Why do you need example code of this specifically? Just find a library that allows you to download files from URL's, (e.g. curl, etc.) and gives an error when they are not present, and then use that to perform the exact thing you want to do. It's literally a ten-line piece of code and a ten-minute search on Google. If you can't find something that works yourself (or could be made to work), it makes me wonder what on EARTH you would ever write that I would subject myself to such copy-protection for.

But any such idea will be immediately bypassed by anybody with even half a brain within seconds, and just make people hate your software, to be honest.

What if your website goes down? What if you forget to renew the domain? What if the website is filtered or blocked accidentally by the company who bought the software? What if the Internet connection goes off and the company can't run your software? What if you get someone running thousands of copies of the software (which isn't taken account of by your system AND would flood your website if anyone did it)? What if you code it badly and it just doesn't work?

I am writing a game at the moment, which I intend to push for professional distribution of. As part of that, I wrote my own copy protection mechanism based on DNS records and X.509 certificate verification (including individual revocation of client certificates, licence expiry etc.). To be honest, I don't see it ever being used or implemented but it was a fun thing to code and took less than 24 hours to complete. It's really not that hard to do a decent job of it, but I know - even being the person that wrote it and designed that part specifically to make it difficult to work around - that someone with a modicum of experience and debugging tools would work around it in minutes if they were determined to.
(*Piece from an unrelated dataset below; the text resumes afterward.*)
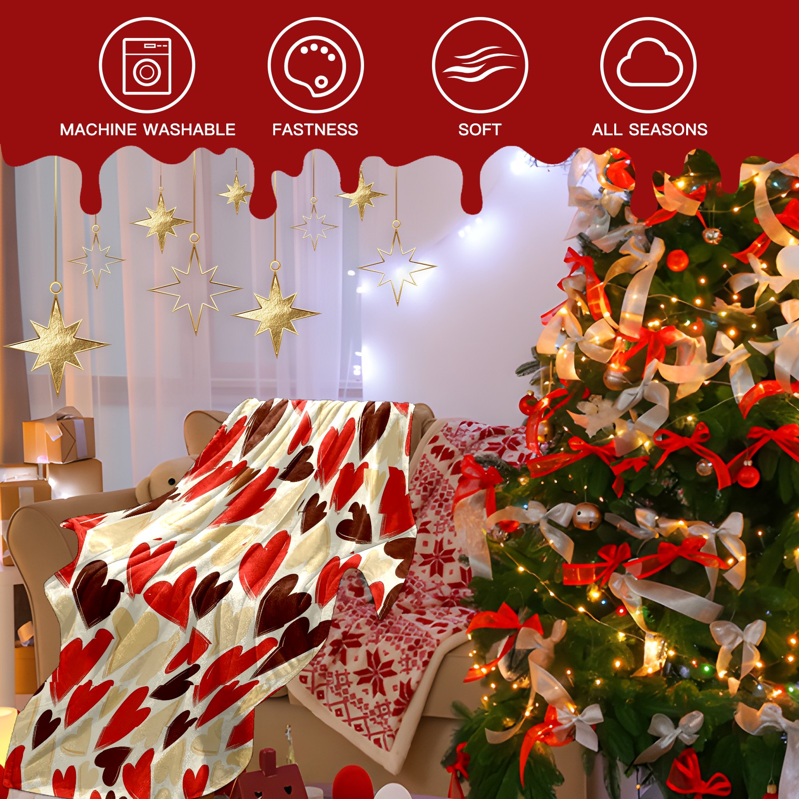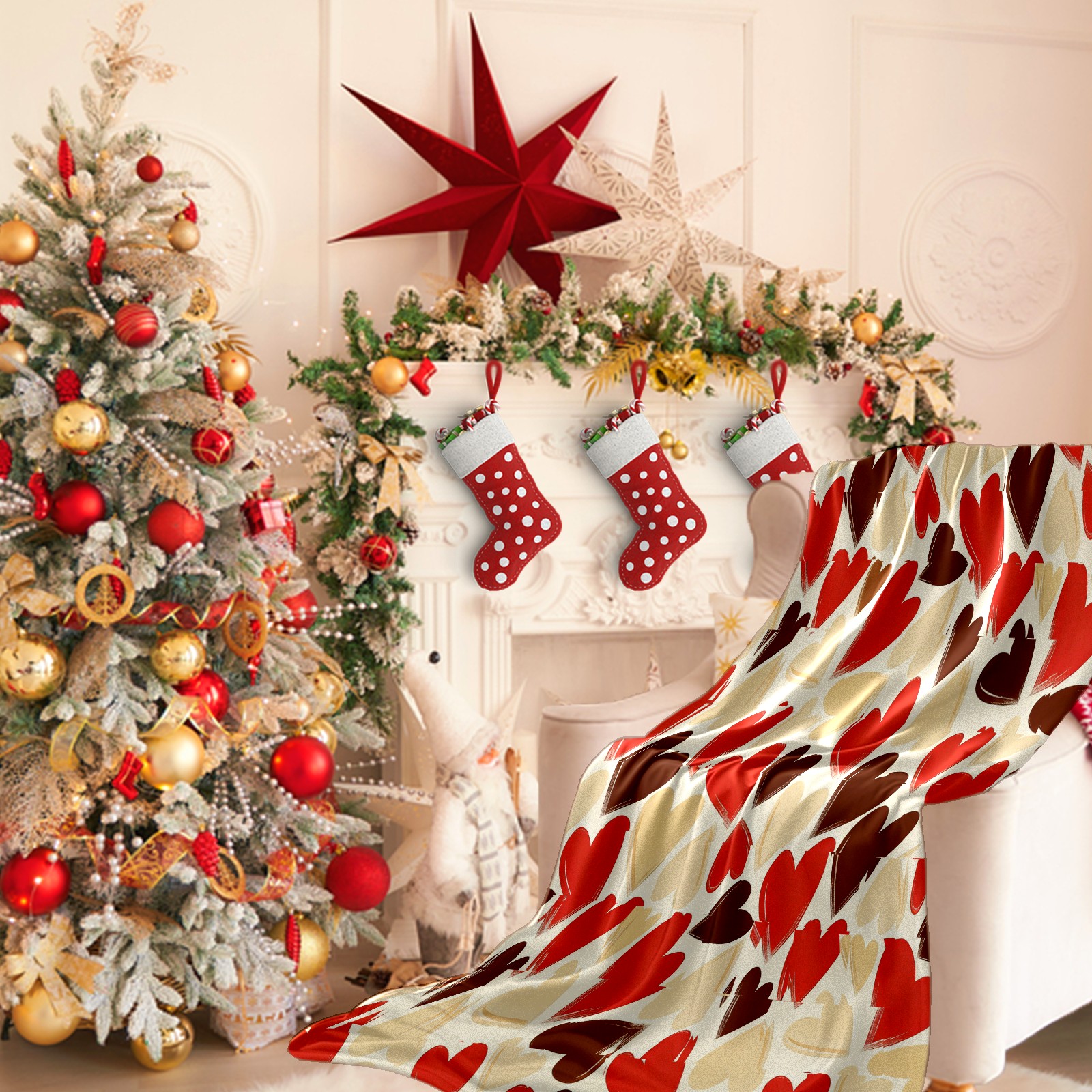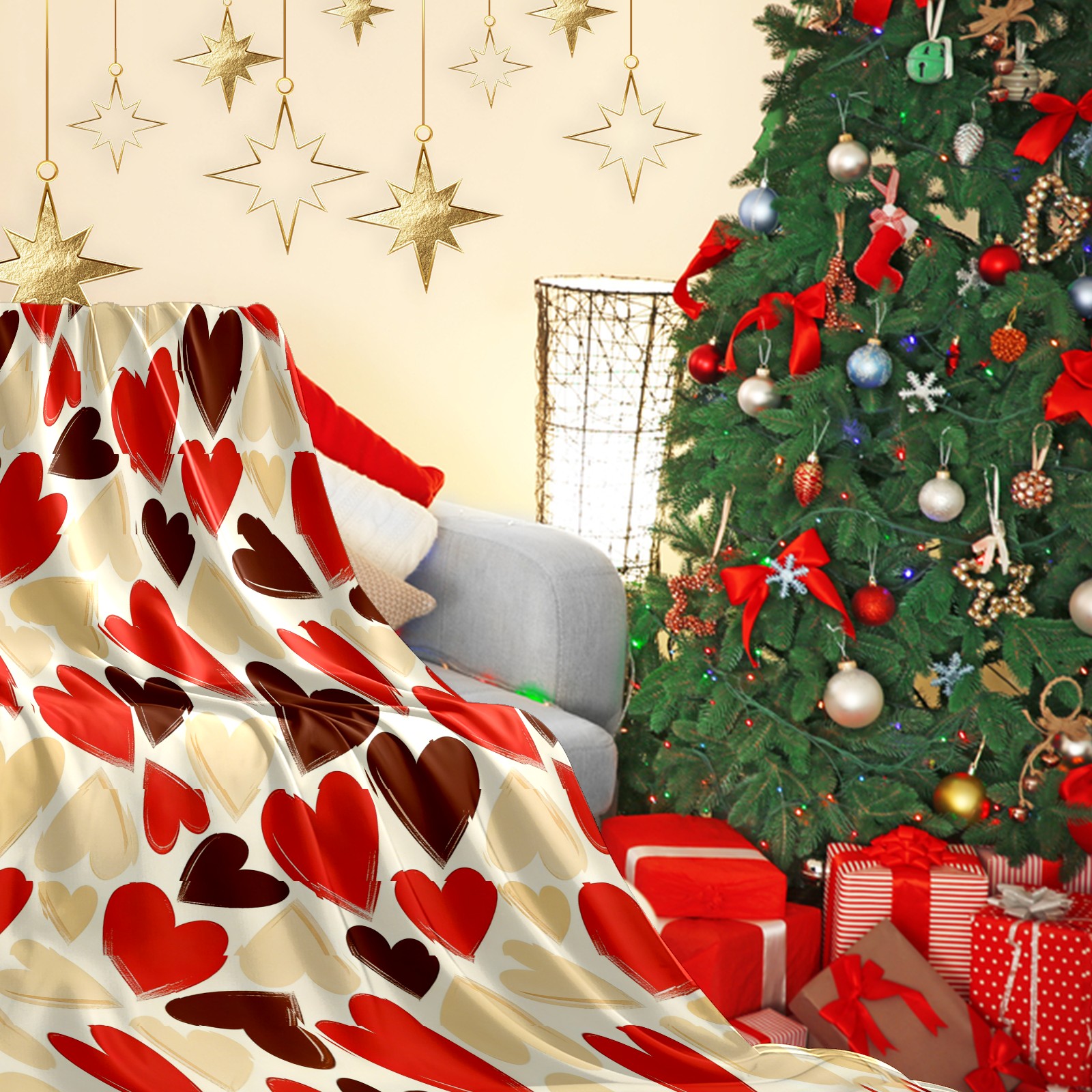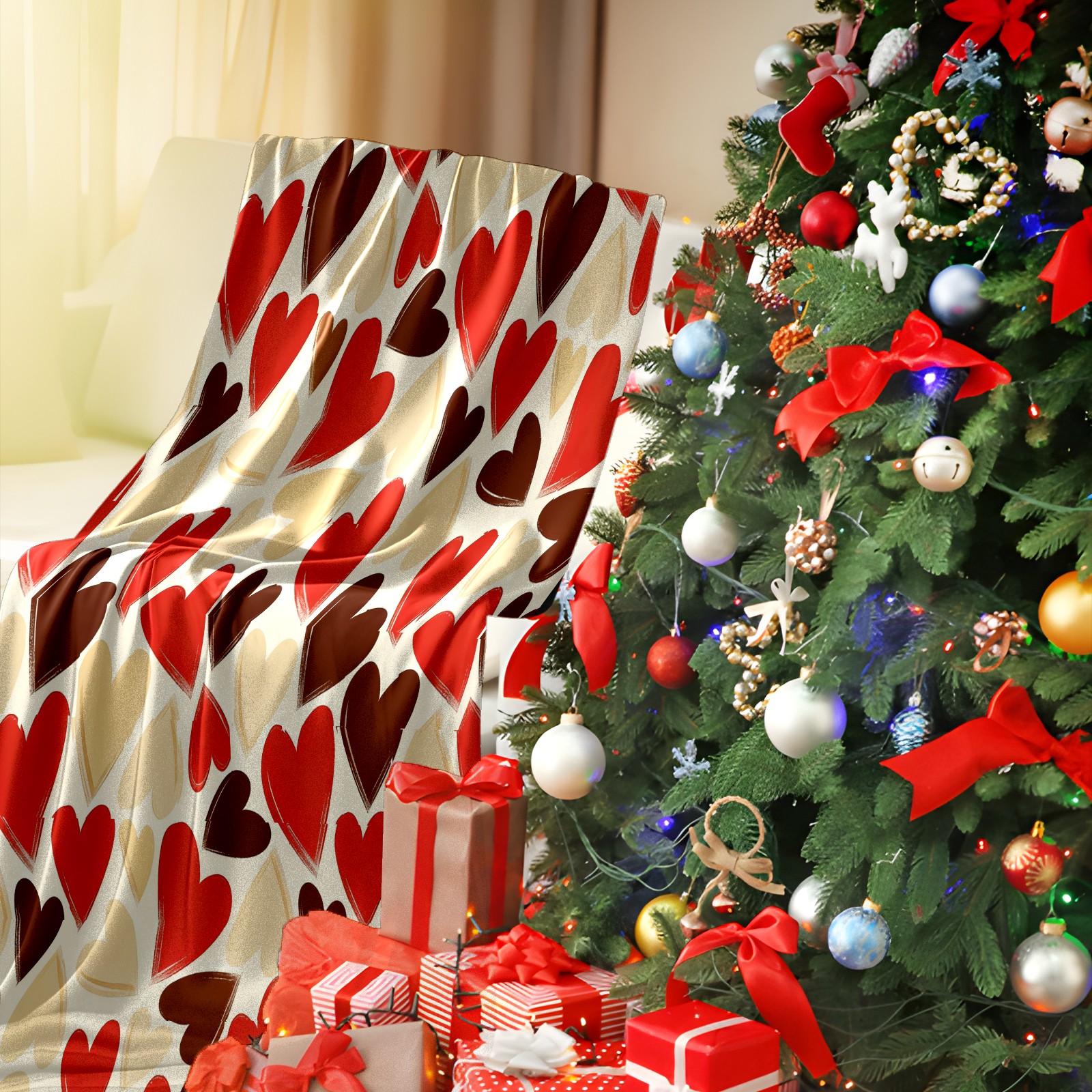Counullo Flannel Throw Blanket, Ultra Soft Anti-Pilling Blanket for Couch & Bed, Lightweight Cozy Blanket for Travel, Home, Camping Gift - (30" x 39"), Heart Warm Brown

I work in schools and, being a programmer on the side, I'm often asked to work around programs that try things like this. I've seen everything from online activation, to key generation dependent on system MAC addresses, to license verification done by hidden bytes in hidden sectors on a special master floppy disk that you HAVE to use to license computers individually (and how many computers even have a floppy drive any more?), to specialised expensive dongles by top-name companies. Every single one of them was worked around in an afternoon (but we never did, nor wanted to do, anything that breached the actual license we'd bought - just working around crappy copy protection that stopped us doing perfectly legitimate things, like work when the Internet goes off, or work when the floppy dies and the company does NOT send replacements). Literally, not one copy protection, mainstream nor unique customised handmade code, lasted longer than an afternoon without being able to be cracked so we could get rid of the restrictions. And every single one of them, we complained to the manufacturer and found alternatives when they were uncooperative.

Think what you are trying to achieve with this copy protection, and the impact it would have on your customers image of you should it go wrong. Because you're likely to do a lot more damage than anything else, and for little gain, and I assure you nothing you write will be "uncrackable" (hell, most of the professional stuff barely lasts a week before it's cracked!) by anybody who was determined to work around it. And if you can't even work out how to do it in five minutes of thinking and a quick Google, I'd be shocked if the code you end up with ever worked as intended.

But, most of all, if you think your code would be valued that much that people would tolerate such horrendous and amateur copy protection, I really think you're kidding yourself.